Below is a comparison of PolyWorld and FFL. PolyWorld is apparently better at generating right angles and more parsimonious polygons with fewer vertices.
To help create a map of all the world’s buildings, we can use machine learning to train models that output polygonal building footprints from satellite and aerial imagery. However, training these models requires a large amount of training data, which needs to have very high resolution. Thanks to open datasets such as Ramp, SpaceNet, OpenCities AI, and CrowdAI, researchers can compare the performance of different models, and release those models to the public. Predictions of building footprints can be evaluated using the usual metrics like IoU and AP, but there is a need for new metrics specially designed for this use case. For example, max tangent angle error and complexity-aware IoU are designed to penalize domain-relevant mistakes such as overly complex polygons and rounded corners.
Semantic segmentation and instance segmentation can be used to extract building footprints, but the results are usually too sloppy for cartographic applications. By using end-to-end learning and incorporating domain-specific knowledge into models, researchers have developed a variety of more sophisticated model architectures that perform better. PolyMapper uses an RNN to sequentially connect vertices into polygons. Frame field learning uses a novel representation of contours that can better capture sharp corners, which is important for buildings. Finally, PolyWorld uses a differentiable solver for a combinatorial optimization problem to group vertices into polygons.
Unfortunately, all of these approaches are difficult to implement, with many important details left out in this blog, and either aren’t open source or use restrictive licenses. In addition, many approaches cannot handle shared walls between buildings. Given these limitations, these newer methods may not be worthwhile for use cases such as population density estimation that do not require high fidelity.
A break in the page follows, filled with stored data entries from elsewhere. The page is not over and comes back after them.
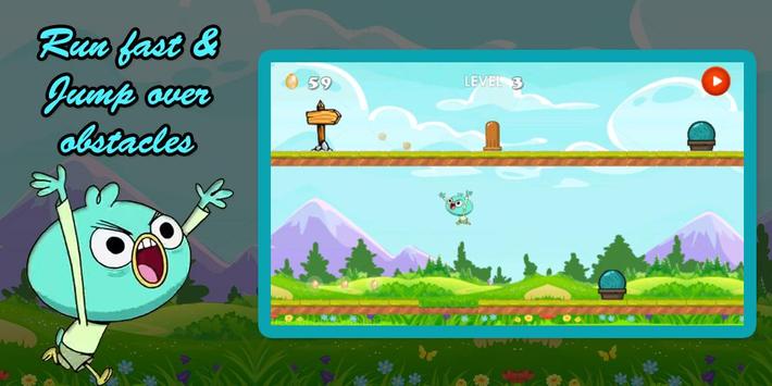 The new running harvey bird game is here, have fun and enjoy your time while helping harvey beaks in his adventure to collect eggs on the way and avoid obstacles. This is a fun free cartoon game where you have to overcome many obstacles in your way and jump like a ninja does in order to do that in the best way possible using the strength of your hero harvey beaks the bird. This is a fun children game to play it has easy levels and a nice character who runs nonstop in jungle and collects the eggs in his journey.
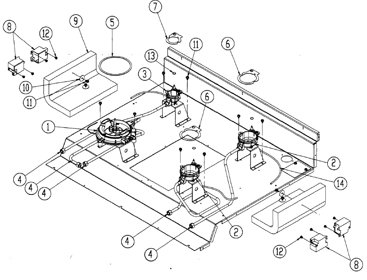 Seals dual burner assembly to cooktop surface. Replace when worn or missing to contain spills, maintain proper flame, and protect from heat and moisture.
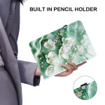 Tutustu iPad Pro 13 (2025) / 13 (2024) -puhelimen tyylikkääseen koteloon, jossa on jade-kukkakuvio. Se tarjoaa täydellisen suojan ja muuntuu käytännölliseksi jalustaksi handsfree-katselua varten. Korttipaikoilla ja kynäsilmukalla varustetussa kotelossa yhdistyvät tabletin toiminnallisuus ja tyyli.
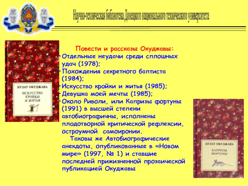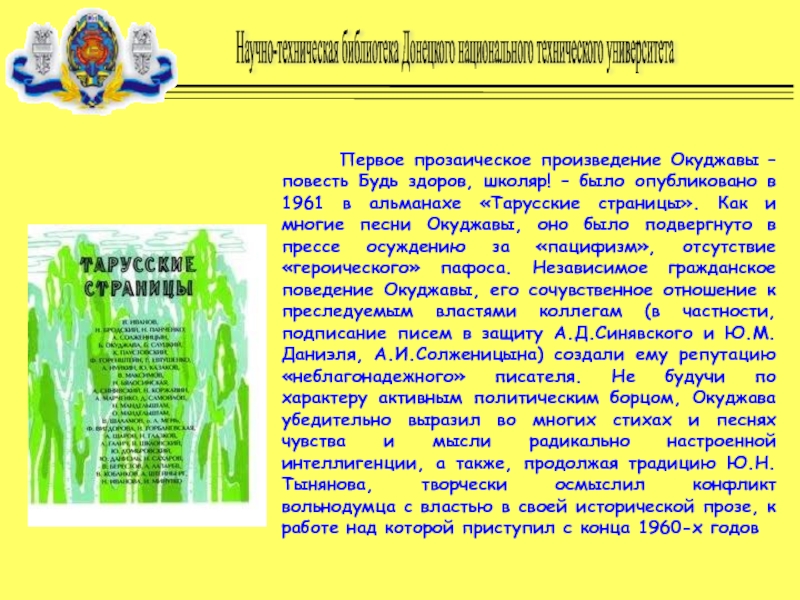 Слайд 7     Первое прозаическое произведение Окуджавы – повесть
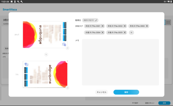 【名刺取り込み時のタグ付与画面(PC)】
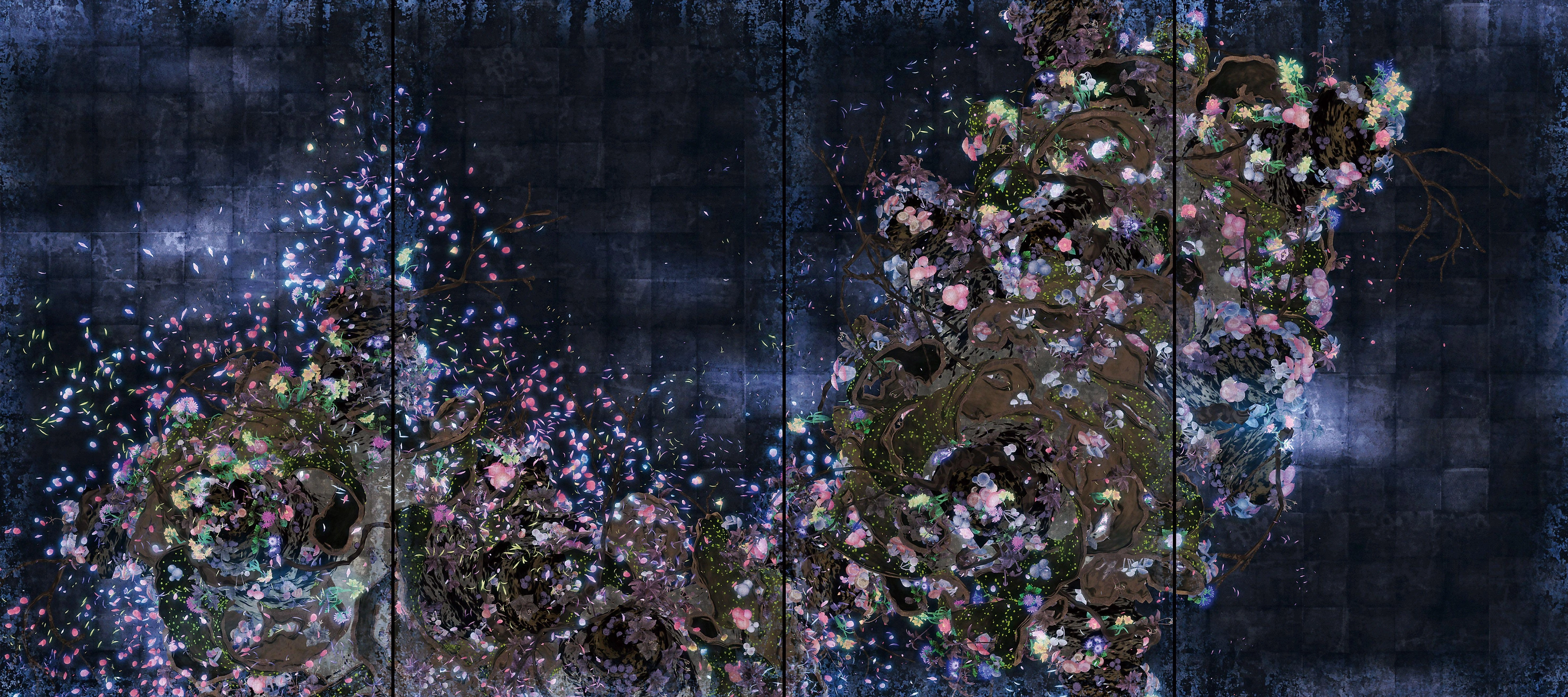 When Japanese multimedia art collective teamLab released Flutter Of Butterflies Beyond Borders last fall at London’s Saatchi Gallery, they experimented with a year’s worth of bloom and decay via an immersive space full of projected flowers and butterflies. For their latest work, Flowers and People, Cannot be Controlled but Live Together, teamLab return to the concept of annual change, this time with colorful, luminous flowers sprouting, growing, budding and blossoming before withering and eventually fading away. Viewers amble across a walkway that goes through a large open space that seems to go on infinitely, and where a year is equivalent to an hour spent in the exhibition.(Excerpt from the text)

However, to generate cartographic-quality footprints for databases such as OSM, more sophisticated methods are worth a try.
 Li, Zuoyue, Jan Dirk Wegner, and Aurélien Lucchi. “Topological map extraction from overhead images.” In Proceedings of the IEEE/CVF International Conference on Computer Vision, pp. 1715-1724. 2019.
 Girard, Nicolas, Dmitriy Smirnov, Justin Solomon, and Yuliya Tarabalka. “Polygonal building extraction by frame field learning.” In Proceedings of the IEEE/CVF Conference on Computer Vision and Pattern Recognition, pp. 5891-5900. 2021.
 Zorzi, Stefano, Shabab Bazrafkan, Stefan Habenschuss, and Friedrich Fraundorfer. “PolyWorld: Polygonal Building Extraction with Graph Neural Networks in Satellite Images.” In Proceedings of the IEEE/CVF Conference on Computer Vision and Pattern Recognition, pp. 1848-1857. 2022.